SPOTLIGHTS: Where Have All the Managers Gone?

dsc0597_0As I introduced Huracanrana to a childhood fave in Greg Valentine, something peculiar occurred to me: what the heck happened to all the great managers in professional wrestling?

Sure, there are the occasional valets, but when’s the last time a truly great manager…other than perhaps Truth Martini…was expected to play a prominent role in every match? (Note: in Truth Martini’s case, he literally is a manager of both his talent and the prominent wrestling school he heads.)

This isn’t meant to belittle the great work of Stokely Hathaway or Veda Scott, both tremendously entertaining and vital to storytelling in Ring of Honor and other independent promotions. Moreover, it certainly does not aim to discredit contributions from the great Prince Nana, Famous B, So Cal Val, Leilani Kai and/or other stable heads central to feud relevance. All of these, however, accompany versus ‘manage’ their athletes.

Sure, the WWE tried the manager route with Zeb Colter, but where did that end up? Even the most political correct individual will shudder at the uncomfortable and likely unintended racist angle the man was tasked with enduring for several years’ time. It wasn’t for his lack of trying and/or commitment. Neither on the part of the wrestlers involved with the Colter storyline.

Still, Zeb Colter is arguably a far cry from the likes of Jimmy Hart, Bobby Heenan, Mr. Fuji, or Lou Albano (among others), managers arguably more popular than the talent they represented. These managers remain some of the most beloved figures of vintage wrestling, their names synonymous with the success of the WWE over that period.

Thus, it’s a bit shocking to realize the dearth of true managers in today’s wrestling world. All it takes is ten minutes of watching Erik Essex making it rain dollar bills at American Combat Wrestling to realize the value of managers to both plotlines and promos.

My  theory on manager shortage is it a by-product of the modern age of independent wrestling, one with a glut of available talent and not enough matches to showcase all of them. What emerges is the second tier (for that specific promotion) wrestler serving as a pseudo manager/valet for the main eventer. Or, in the instance of Andrea, a top star on a sister promotion (Shine) serving in this capacity for another (Evolve/Full Impact Pro).

Moroever, managers – like any talent in professional wrestling – need to earn a paycheck.
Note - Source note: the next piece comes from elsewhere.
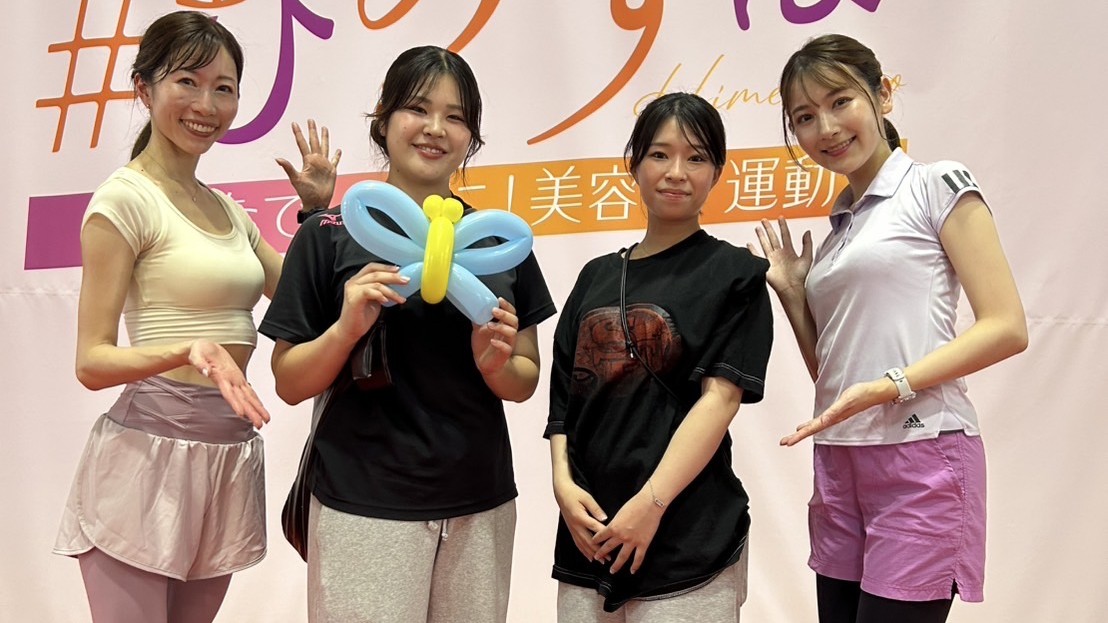 活動内容は来場者の案内や、各ブースのスタッフの手伝いなどでした。様々なフィットネス系企業の出店があり、当日は800名ほどの来場者で大変賑わっていました。12時00分からはボランティア学生のステージ企画も行いました。「愛媛の女性の運動量を増やしたい」という理由で開催されたイベントだったので、たくさんの方が汗を流しながらヨガや運動をみんなで一緒にしている姿を見て本当に大成功だなと感じました。

With all of this talent, it’s hard to justify another hand to feed when a wrestler can do double duty in a replacement function.
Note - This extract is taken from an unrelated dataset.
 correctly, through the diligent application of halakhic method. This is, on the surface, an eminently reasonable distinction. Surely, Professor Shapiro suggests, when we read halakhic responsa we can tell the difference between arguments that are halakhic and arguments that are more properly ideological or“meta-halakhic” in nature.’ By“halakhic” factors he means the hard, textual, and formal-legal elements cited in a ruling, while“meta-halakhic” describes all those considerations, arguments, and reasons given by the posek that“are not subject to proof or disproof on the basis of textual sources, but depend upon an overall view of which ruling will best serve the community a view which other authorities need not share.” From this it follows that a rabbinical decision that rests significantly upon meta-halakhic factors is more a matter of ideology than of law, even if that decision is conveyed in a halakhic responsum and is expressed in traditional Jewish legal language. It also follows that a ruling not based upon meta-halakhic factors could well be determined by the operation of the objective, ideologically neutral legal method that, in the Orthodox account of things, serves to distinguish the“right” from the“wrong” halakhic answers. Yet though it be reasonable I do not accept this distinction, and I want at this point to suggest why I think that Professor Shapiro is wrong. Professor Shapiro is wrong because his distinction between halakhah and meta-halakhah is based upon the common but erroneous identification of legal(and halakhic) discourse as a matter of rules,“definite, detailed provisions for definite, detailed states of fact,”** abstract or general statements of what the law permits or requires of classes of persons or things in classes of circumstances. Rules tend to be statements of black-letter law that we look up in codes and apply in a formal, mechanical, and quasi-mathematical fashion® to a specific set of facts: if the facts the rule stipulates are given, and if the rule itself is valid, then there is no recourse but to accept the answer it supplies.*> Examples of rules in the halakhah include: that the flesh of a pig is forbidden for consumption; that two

Also, being a full time manager is a brave commitment. It’s the recognition and simultaneous acceptance of a career dependent on (managed) others to survive, also lesser paychecks being a supporting function. Akin to referee talent, one would be hard pressed to find would-be managers lining up for the role at wrestling schools.

Sad, as recalling Valentine and the aforementioned Jimmy Hart, so much is lost without an omnipresent mouthpiece and nuisance at ringside. Likewise entertainment at interview segments, features (ala ‘Highlight Reel’), and commentary tables.

Last, Paul Heyman, of course, is literally an agent representing his client. Still, imagine the possibilities if his role was extended to a play more active role in outcomes.